**Exercise requirements:**
Word for word, restate the lines from the one containing "Cocktails outside in" through the last line of the material, and include no pictures.

**Dataset content:**
══════

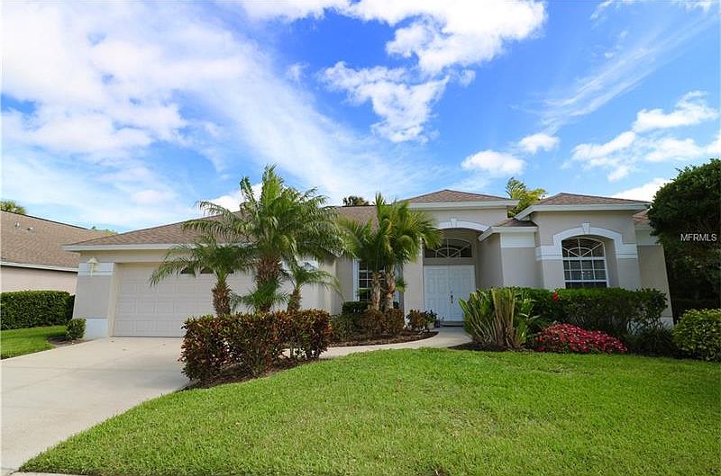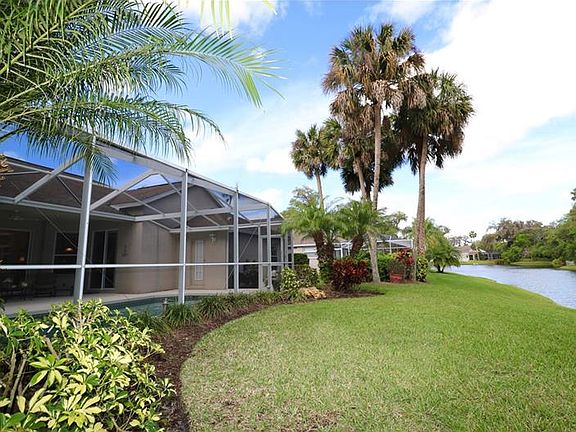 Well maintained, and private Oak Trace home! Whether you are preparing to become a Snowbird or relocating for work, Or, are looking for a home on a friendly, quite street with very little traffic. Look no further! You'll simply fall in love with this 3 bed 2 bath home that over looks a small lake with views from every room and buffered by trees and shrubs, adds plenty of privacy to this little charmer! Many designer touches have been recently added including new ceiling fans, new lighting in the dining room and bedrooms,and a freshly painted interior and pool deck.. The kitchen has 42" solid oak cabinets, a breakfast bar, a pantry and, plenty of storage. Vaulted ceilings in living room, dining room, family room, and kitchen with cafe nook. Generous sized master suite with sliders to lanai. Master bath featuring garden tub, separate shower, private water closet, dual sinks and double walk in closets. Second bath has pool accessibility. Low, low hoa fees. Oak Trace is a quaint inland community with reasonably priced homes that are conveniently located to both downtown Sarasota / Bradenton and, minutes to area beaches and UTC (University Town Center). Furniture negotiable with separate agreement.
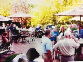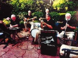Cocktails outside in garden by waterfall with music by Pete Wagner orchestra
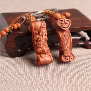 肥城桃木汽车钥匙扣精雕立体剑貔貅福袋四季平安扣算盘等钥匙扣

══════

**Exercise response:**
Cocktails outside in garden by waterfall with music by Pete Wagner orchestra
 肥城桃木汽车钥匙扣精雕立体剑貔貅福袋四季平安扣算盘等钥匙扣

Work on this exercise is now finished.